Oh, I somehow missed the repository link. That helped isolate this. It was a bug in incremental parsing. Attached patch should help.

Fabulous, thanks!

Hi @marijnh,

I just want to double check if the following logic is now correct. We implemented a LogQL parser with lezer: https://github.com/grafana/lezer-logql

Within that repo we have a tree-viz.html file, which might help with our grammar.

However, since this change whitespaces after certain nodes are counted to that node.
Example is {} + {} for our grammar. If you put that into the tree-viz.html you'll see, that the Selector node will be from 0 to 2 on lezer versions before 0.16.3. With the change of this PR, the node will go from 0 to 3.

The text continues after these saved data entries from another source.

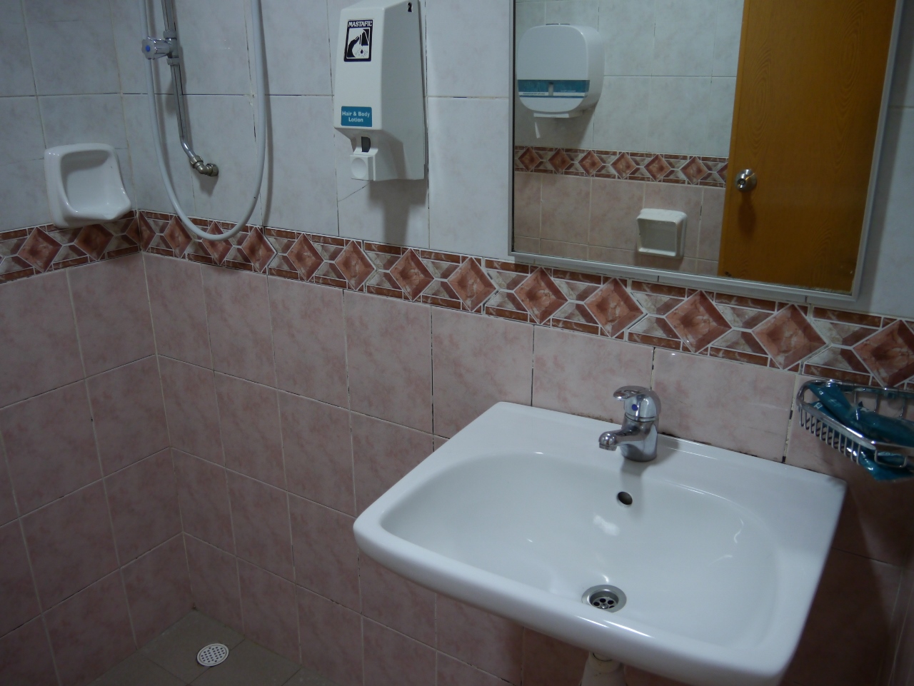 スタンダードダブルルームの広さは12平米ほどでスーツケースを広げるスペースはあります。ただしダブルベットが部屋を占拠しているため狭さを感じます。設備は大型TV、電気ケトル、デスク程度です。ボトル水のサービスはなく、ベッドは安い作りです。無料WiFiは問題なく繋がります。バスルームは大きくありませんが、必要十分な広さです。シャワーブースとトイレは床の段差で区切られているものの、カーテンがありません。シャワーの水が飛び散りトイレは濡れ、洗面台の床も濡れます。ボロボロのタオルで、バスルーム内は異臭がしたり、髪の毛が落ちていたりと清潔感は感じません。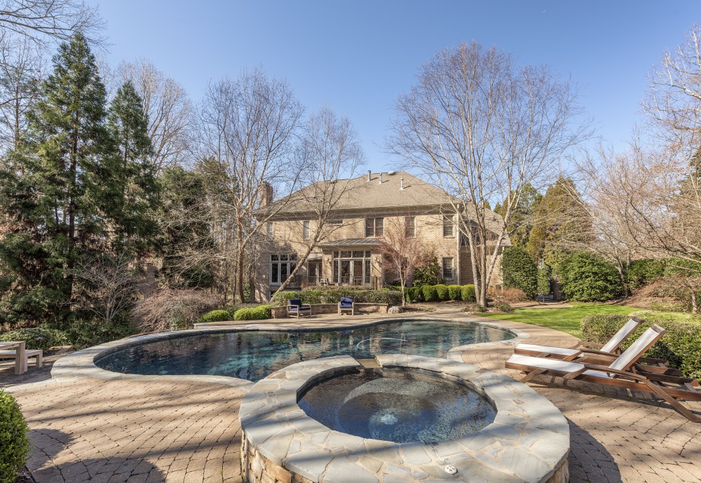 Stunning custom home built by Gene Harrington on one of the most private lots in Highgate. Enjoy your own backyard oasis with custom salt water pool and hotter, outdoor fireplace and plenty of sitting areas and play areas that are totally private. Inside features 5+ bedrooms with flexible space to allow for a play room, office and exercise room.  Huge master suite with a fireplace and sitting room/office, elegant bath with a new tub and a walk-in closet.  Large kitchen/breakfast area opens to Family room with fireplace and lots of natural light.  Basement has rec room fireplace and exercise room/bedroom with a full bath.  Large unheated storage room can be accessed from the basement – an ideal space for a workshop.  10 foot ceilings on main floor.  Hardwood floors throughout.  First floor guest room is perfect for visiting parents.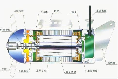4.潛水?dāng)嚢铏C(jī)電機(jī)繞組為F級絕緣,防護(hù)等級為IP68,選用一次潤滑免維護(hù)進(jìn)口軸承,具有油室泄漏檢測和電機(jī)繞組過熱保 護(hù)功能,使電機(jī)的工作更加安全可靠。

Is this the expected behavior now?

Is the input valid or invalid when this happens?

The input is valid.

Missed to add, that a Selector in our case is this grammar https://github.com/grafana/lezer-logql/blob/main/src/logql.grammar#L23:

Selector {
  "{" Matchers "}" |
  "{" Matchers "," "}"
}

The parser will match any whitespace after the Selector though.

The input is valid.

But then the code changed in lezer-parser/lr@e01aecb will never run, so it seems unlikely that this is related to that patch.

Hm, I tried with 0.16.3 and the whitespaces were added. With 0.16.2 there wasn't a whitespace added.

You can change the lezer-parser versions easily in https://github.com/grafana/lezer-logql/blob/main/tools/tree-viz.html.

Sorry! The input is not valid. You are right:
image

Then this is expected behavior. The parser stops trying to parse the selector at the + token, and cuts off the node it started at that point.